◆ Task to complete ◆
What should you transcribe? Every line from the top of the records below through the line with "Стилизованные цветы ириса", exactly, and no pictures.

Records contained in a dataset:
Segment Open
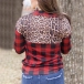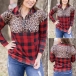 Fashion Leopard Spliced Long Sleeve Stand Collar Plaid Sweatshirt
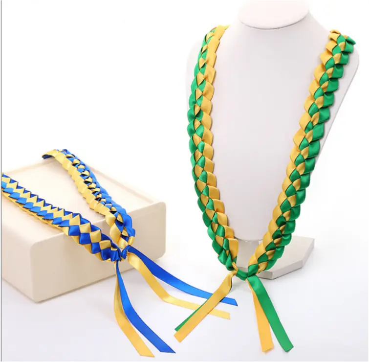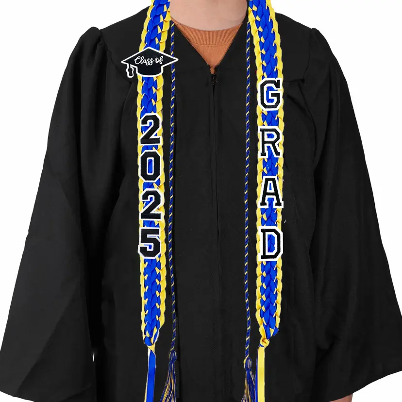 2026 Graduation Leis for Him Her - Hand-Woven Blue Braided Ribbon Lei with GRAD Letters & Cap Charm, Adjustable Graduation Money Lei with Safety Pins for Class of 2026 Graduation Ceremony Party Favors
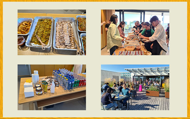 (Top left) Korean lunch buffet; mandu, pajeon, pork, japchae. (Bottom left) Serving table with Korean snacks and beverages. (Top right) Service. (Bottom right) Guests mingling and enjoying their food.
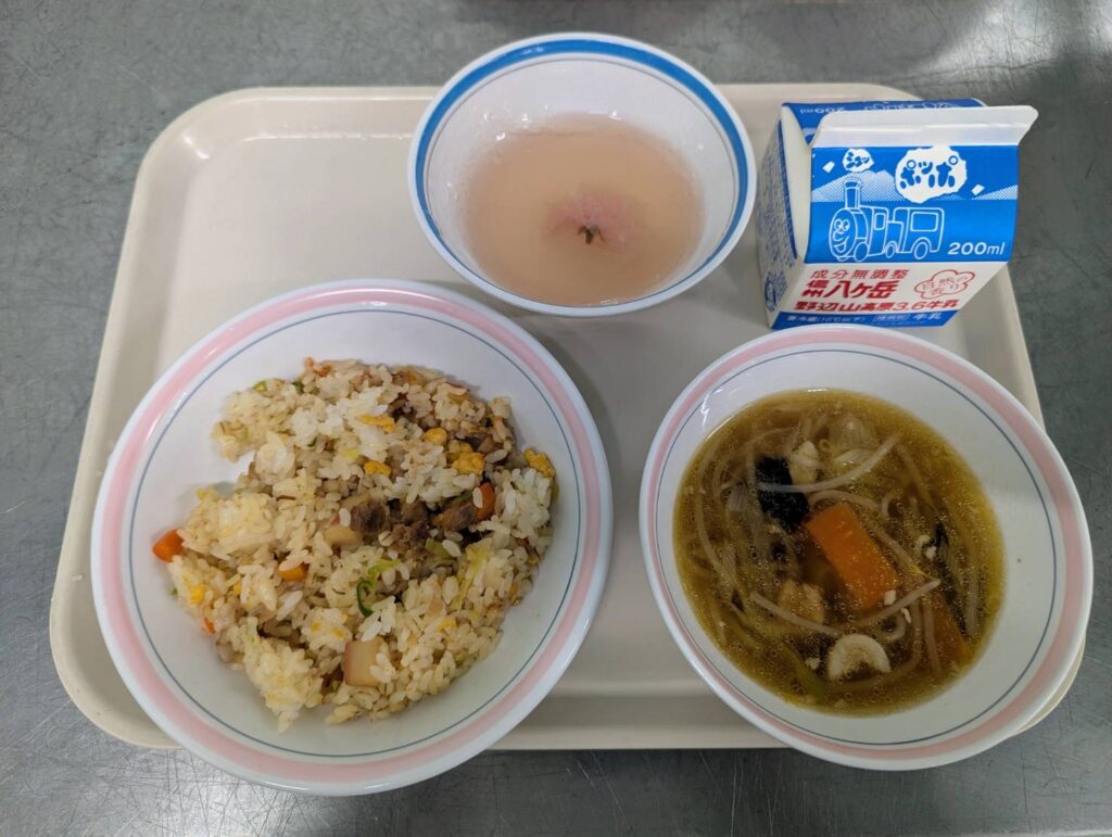 ごもくチャーハン/ちゅうかスープ/さくらゼリー/ぎゅうにゅう
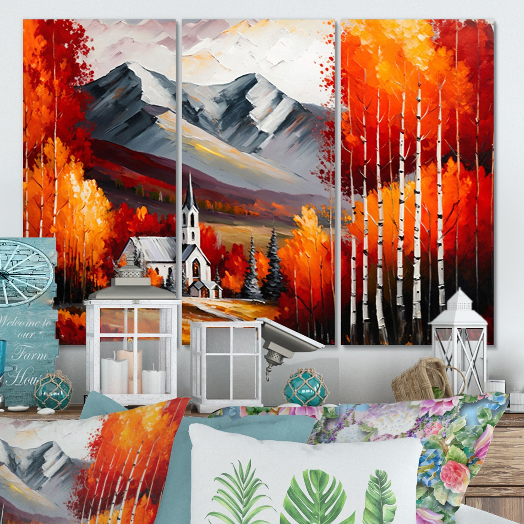 Designart "Monochrome Orange Cottage in Winter VI" Landscape Church Canvas Art Print - 3 Panels
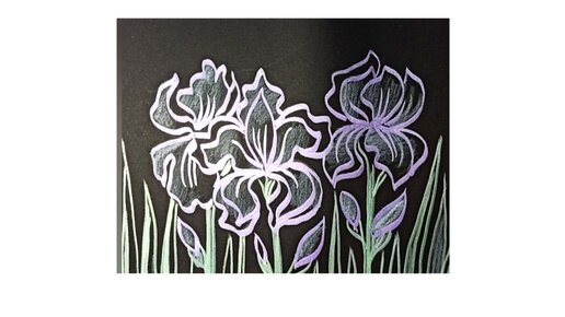 Стилизованные цветы ириса нарисованные маркерами металлик на черной бумаге.
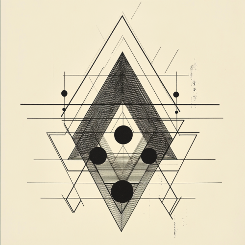 a set of geometric symbols, arranged in an upside down pyramid, straight black lines and acute angles, the center symbol is a straight line and has no angled corners, each symbol in a clockwise direction has one more angled corner added to the shape
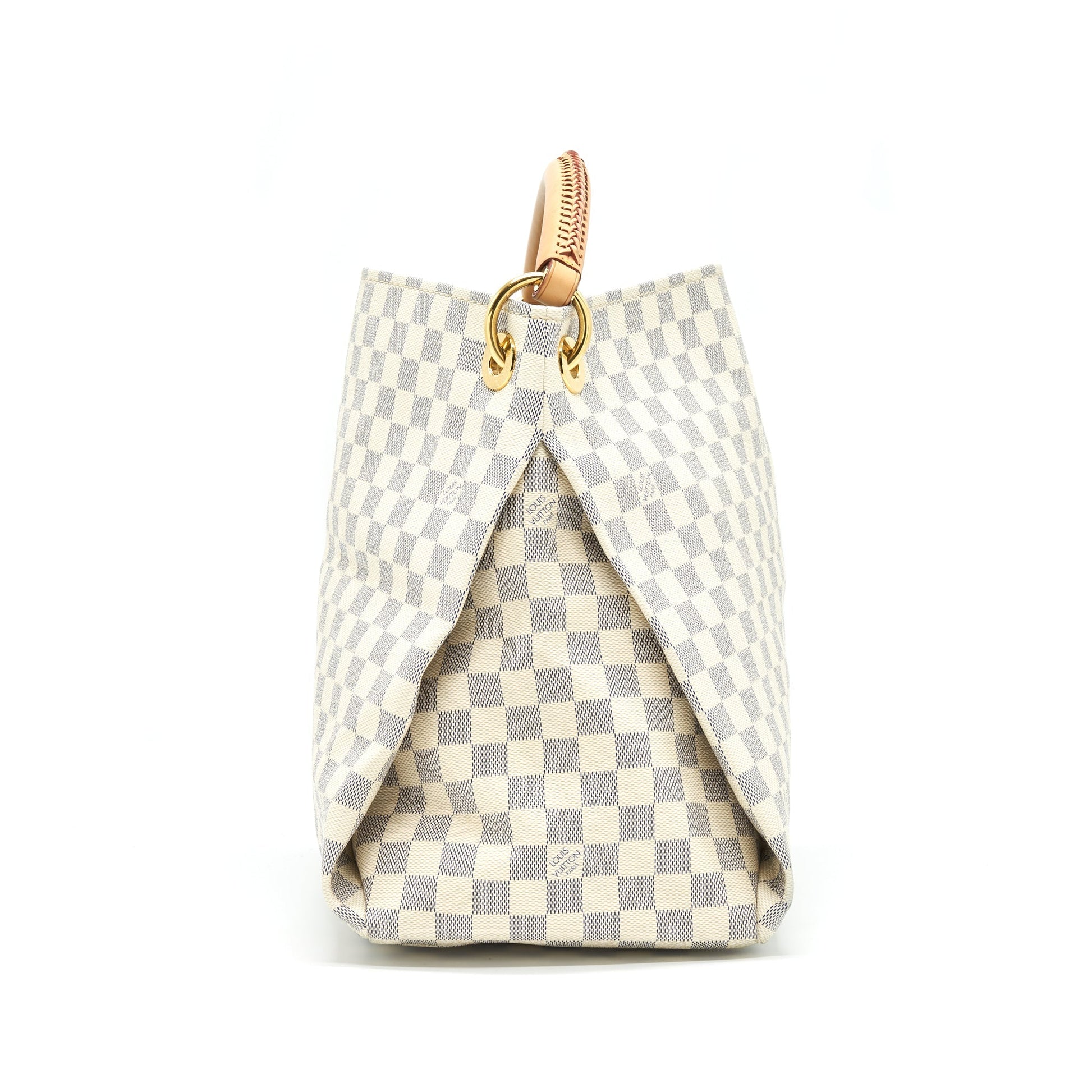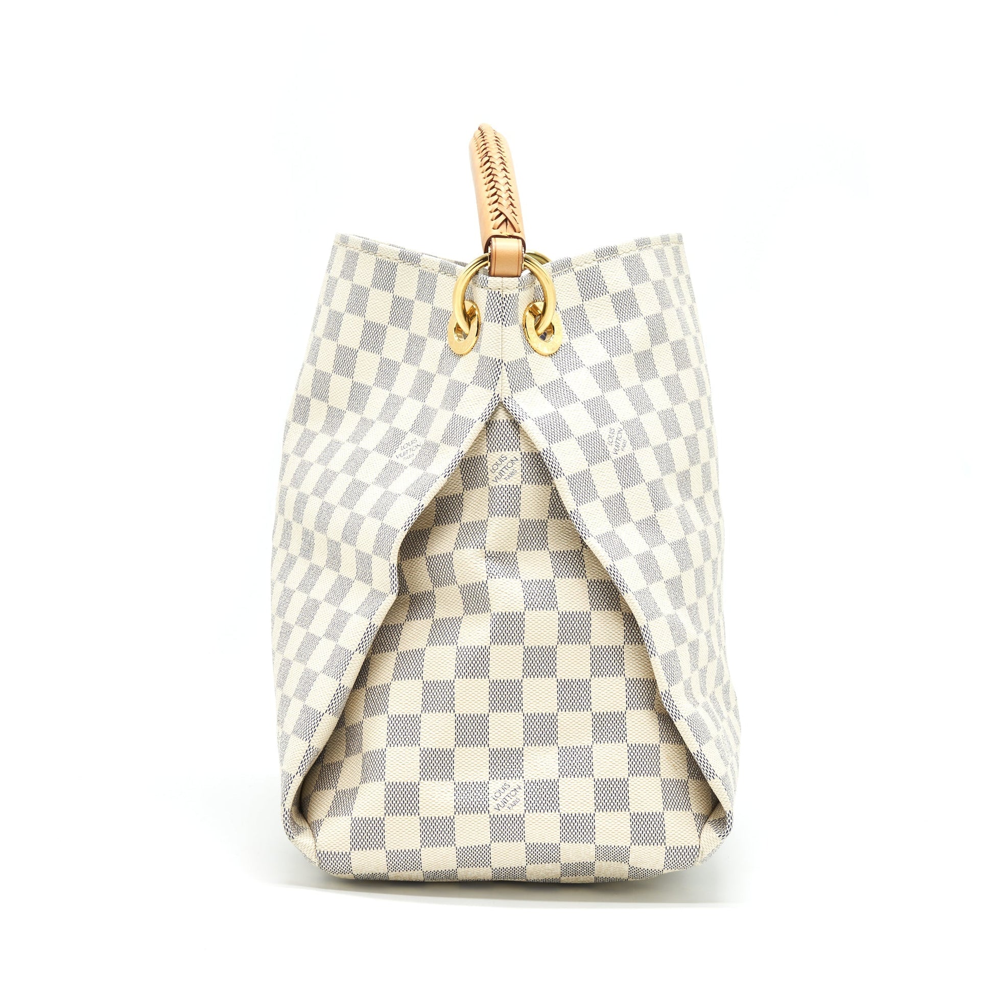Gently Used (This item is in excellent condition with slight rubbing on corners. Slight colour changed on beige leather. Light scratches on feet hardware and on handle. )
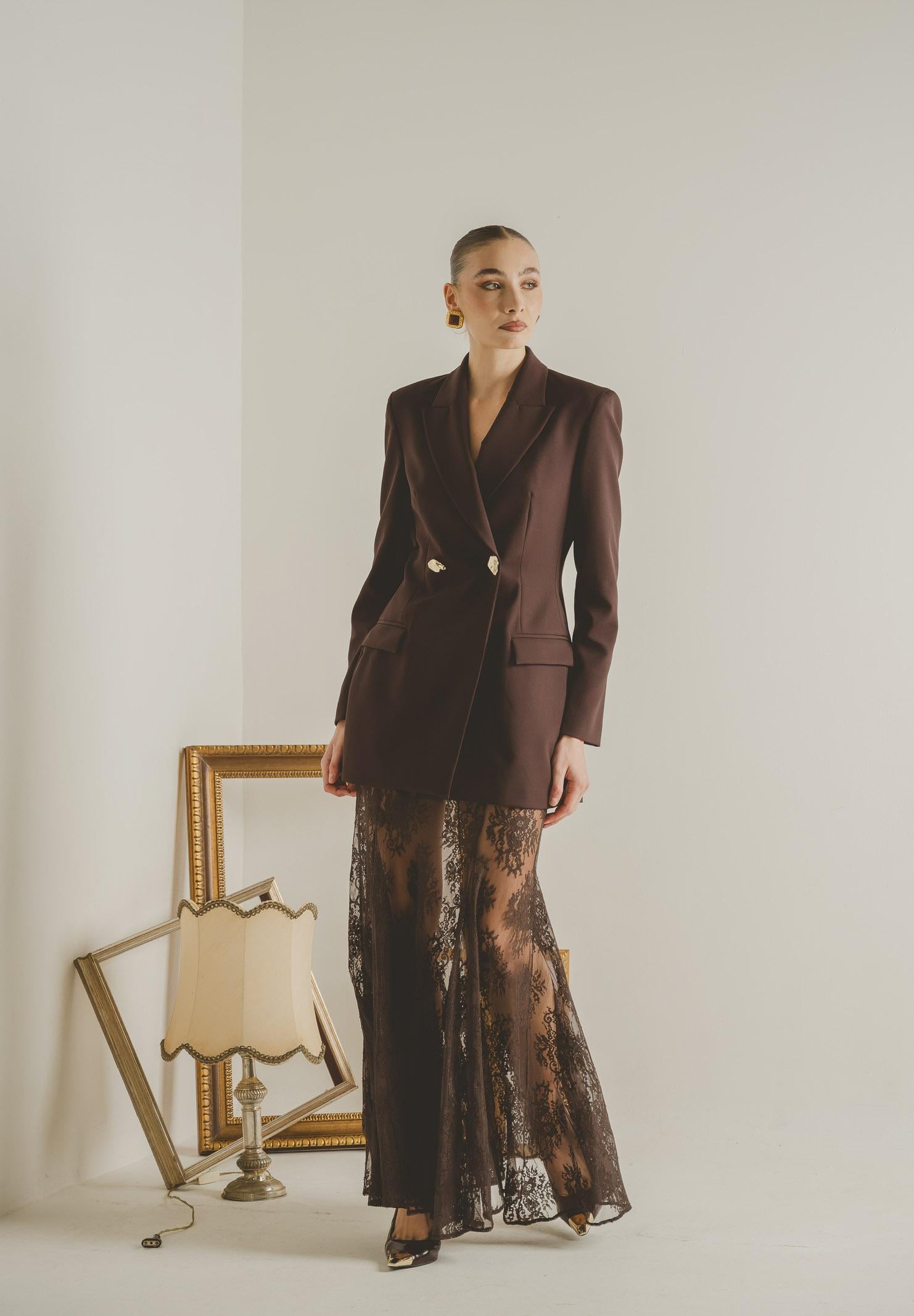 Women's brown double-breasted jacket, regular fit, autumn/winter PV2621MA
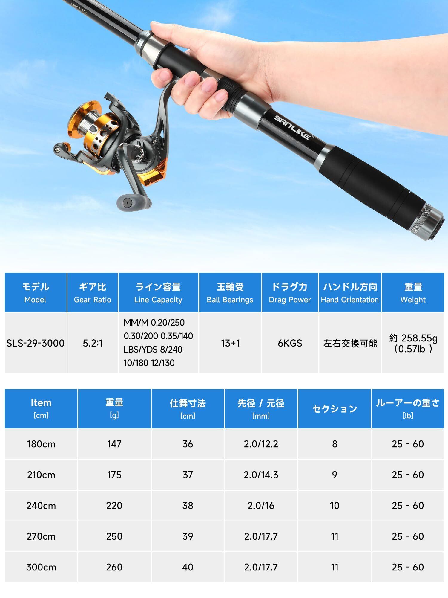 短くてコンパクト:サンライクの釣り竿はコンパクトに设计され、折りたたみするとわずか43センチメートルになり、重量はわずか146gで、持ち運びと収納がとても簡単で、いつでもどこでもお釣りを楽しむことができます。適合ライン番号と餌重のデータについては、画像の表を参照してください
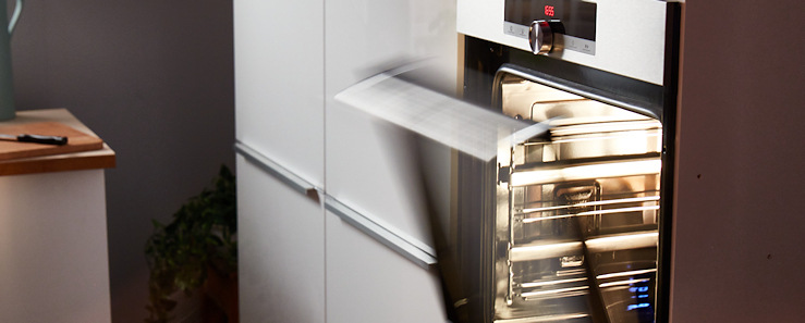 Aniž byste to tušili, nebo museli ručně spouštět funkci čištění, trouba se průběžně udržuje čistá sama. Jakmile totiž dosáhne teploty minimálně 85 °C, povrch z katalytického smaltu absorbuje mastnotu. Při větším znečištění zase využijete funkce EcoClean, která vyčistí troubu pomocí páry.
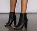 Fall back to basics in booties that are perf for your chic layered outfits. The booties feature an around the ankle fit. a peep toe. a block heel. and composed of a faux leather material. Complete look with a cardigan and high waist jeans.
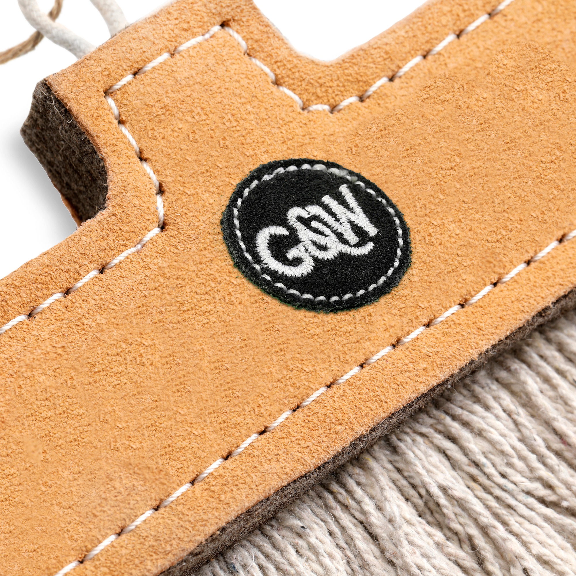 Made from layers of compressed felt and stitched over with soft suede, plus soft rope "bristles".
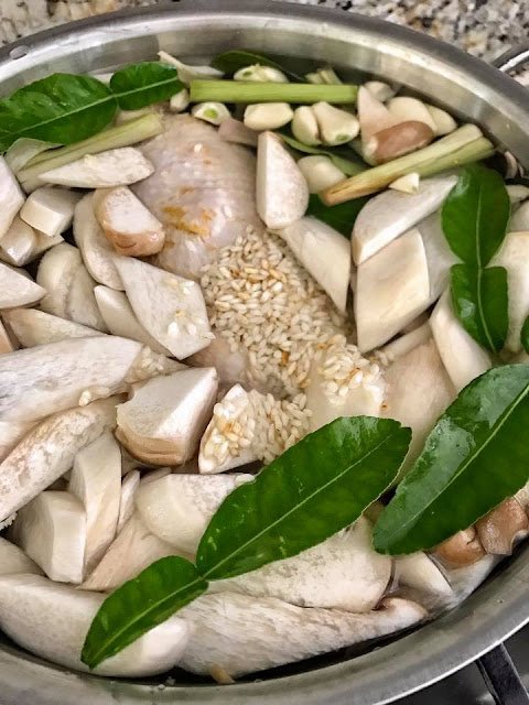 What I enjoy most about this chicken soup is the zestiness of the broth. The roasted rice and the preserved lemon in this soup give it a nutty and sharp citrus kick. Cooking the king oyster mushroom in this soup also brings out a savory umami flavor that goes well with the velvety, meaty texture of the mushroom that reminds me of abalone. And lastly, the distinct earthy aroma of lemongrass, kaffir lime leaves, and garlic make this a hearty, comforting, yet light and nourishing soup.
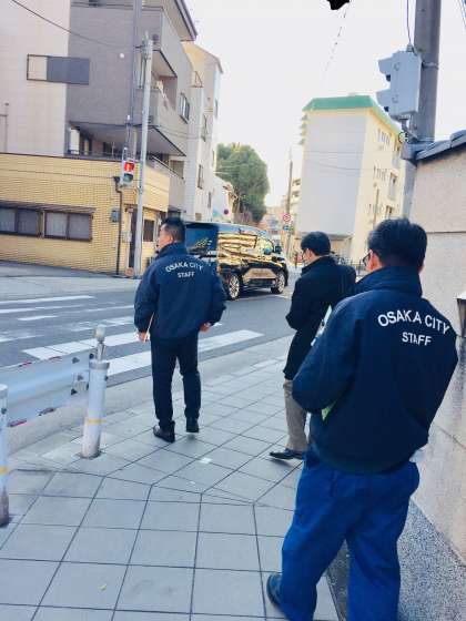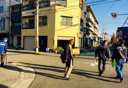 大正区役所の方と、通学路の安全点検を実施しました。より安全な通学路をめざして取り組んでいます。道を横断するときは、信号は必ずまもり、横断歩道を通りましょう。
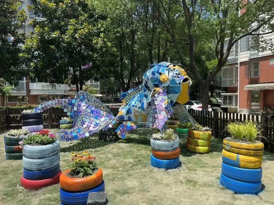奉浦街道乐康苑小区的中心位置有一个“星星花园”,花园的主体是条充满活力的鱼,名为“水之灵”,这是居民通过利用家中废旧物品,围绕环保主题,设计、制作而成的社区花园微景观,凝聚着无限的自治力量。如今的“星星花园”又是一番怎样的景象呢?
Segment Closed
◆ Problem solution ◆
 Fashion Leopard Spliced Long Sleeve Stand Collar Plaid Sweatshirt
 2026 Graduation Leis for Him Her - Hand-Woven Blue Braided Ribbon Lei with GRAD Letters & Cap Charm, Adjustable Graduation Money Lei with Safety Pins for Class of 2026 Graduation Ceremony Party Favors
 (Top left) Korean lunch buffet; mandu, pajeon, pork, japchae. (Bottom left) Serving table with Korean snacks and beverages. (Top right) Service. (Bottom right) Guests mingling and enjoying their food.
 ごもくチャーハン/ちゅうかスープ/さくらゼリー/ぎゅうにゅう
 Designart "Monochrome Orange Cottage in Winter VI" Landscape Church Canvas Art Print - 3 Panels
 Стилизованные цветы ириса нарисованные маркерами металлик на черной бумаге.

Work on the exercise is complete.